She raises her glass, clinks it against mine, then knocks some of the tequila back as I do the same. A moment later, her face scrunches. “Oh my god, who let me order a double? This tastes like gasoline and regret.” She coughs, fanning her mouth dramatically as she sets the mostly full glass down.
“Have you ever had a tequila shot before?”
“No! I’m a bubbly kind of girl. A white wine fanatic. Why the hell did I order tequila?”
“Probably because of the mismatched slides?”
“They were the only thing Rhonda had—she was my Lyft driver—and they seemed a fair trade for my white satin pumps. Don’t ask why her slides don’t match.”
Ah hell. I can’t resist. “Why don’t they match?”
“I don’t know.” She’s laughing now, soft and genuine. It makes my chest ache in a way I don’t want to think about. “I told you not to ask.”
“For the record, I tried to save you from the double shot,” I remind her.
She narrows her crystal blue eyes. “No. You said,are you sure?”
Damn. Good memory. Still. “I feel like that falls under the tried-to-stop-you umbrella.”
Those eyes turn to slits. “This is not a good moment to say, ‘I told you so.’”
“You started the I-told-you-so-ing.”
“Don’t cross me today, buddy.” But she’s smiling, and so am I.
“Fine.” I drop the teasing, even though she’s so damn cute when she’s smiling. “Let’s get you something else. But whether you’re a bubbly aficionado or not, no champagne, all right?”
“Fair enough,” she says, still hoarse from the scorched earth the tequila left behind. “Let’s go with something that won’t leave me gasping for air or weighed down with even more regret.”
I give her a sympathetic smile. I understand regret—and that the best move is to get the fuck past it. “What’s the least wedding-appropriate drink you can think of?” I ask, eyeing her dress and tiara. “I’m guessing keg beer or a Jell-O shot. Want one of those?”
She wrinkles what is probably the cutest nose I’ve ever seen and shakes her head. “You’re really leaning into the trashy theme here.”
“Just trying to cause some good trouble,” I say innocently.
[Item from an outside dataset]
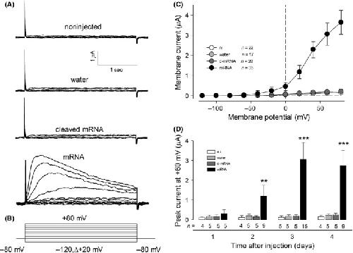 Figure 2. Expression of exogenous ion currents by injection of oocytes with mRNA isolated from Giardia lamblia. (A) Representative series of traces of current obtained from oocytes under the distinct experimental conditions indicated on the legends, they all are depicted at the same magnitude indicated in the scale bar at the top. Currents were obtained in response to series of squared voltage pulses that as shown in (B) were from −120 up to +80 mV in steps of 20 mV from a holding level of −80 mV. (C) Relationship between the maximal current amplitude and the test voltage from oocytes injected with intact mRNA as well as noninjected or mock injected. Dots indicate the average value (±SE) of the number of individual oocytes assayed that the inset indicates. (D) Time course of the expression of currents after days of injection. Bar length indicates the mean value of peak current in response to a voltage pulse of +60 mV.
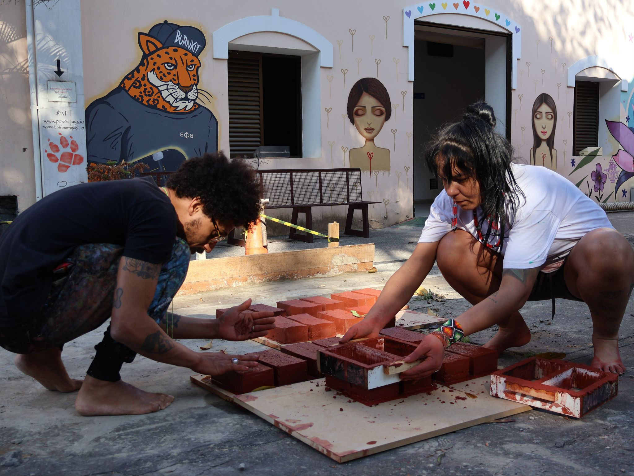 Os artistas Kleber Pagu e Cassis Guarniçara durante confecção dos tijolos. Foto: Frank Oliveira

That seems to spark her interest, and she raises a curious eyebrow. “Are you a troublemaker, Tyler?”
“Maybe I was. Back in the day,” I say.
Her lips shift in amusement. “Think you’ve still got it in you?”
“Those are fighting words.” I drum my fingers on the counter. “How about trouble in the form of a spicy margarita? Can you handle the heat?”
Her smile falters for just a second, as if I’d asked about more than a drink. “I don’t even know.”
Her blue eyes flicker with something deeper—with uncertainty, maybe, or a vulnerability she’s trying to hide. Or possibly…interest. Since for a moment her gaze lingers on me, roams over me, like she’s trying to figure something out.
Like what she wants me to do to her tonight?
What the fuck?
That is not a thought I should be entertaining. Too bad my lust-struck mind is already running away with the image, imagining what could have been if she wasn’t wearing that damn ring.Not today, brain. Stand down.
“Let’s find out,” I say, as I resume the role of runaway-bride wingman. I change her order, and when the bartender returns with the margarita, we toast again, her with her cocktail, me with my lager, which—as Ike promised—is incredibly good.
“To the opposite of today.”
“The opposite,” she echoes, her gaze…curious. But I don’t want to read into it even though I want to read everything into it. I have ever since I first laid eyes on her last fall when she stepped onto the ice at the Sea Dogs arena during intermission in one of our games. She performed a routine that captivated the crowd and, well, me. I watched it from the tunnel, even though I was supposed to be in the locker room. But Sabrina was impossible to look away from. She’s impossible to look away from, too, when she coaches my kid.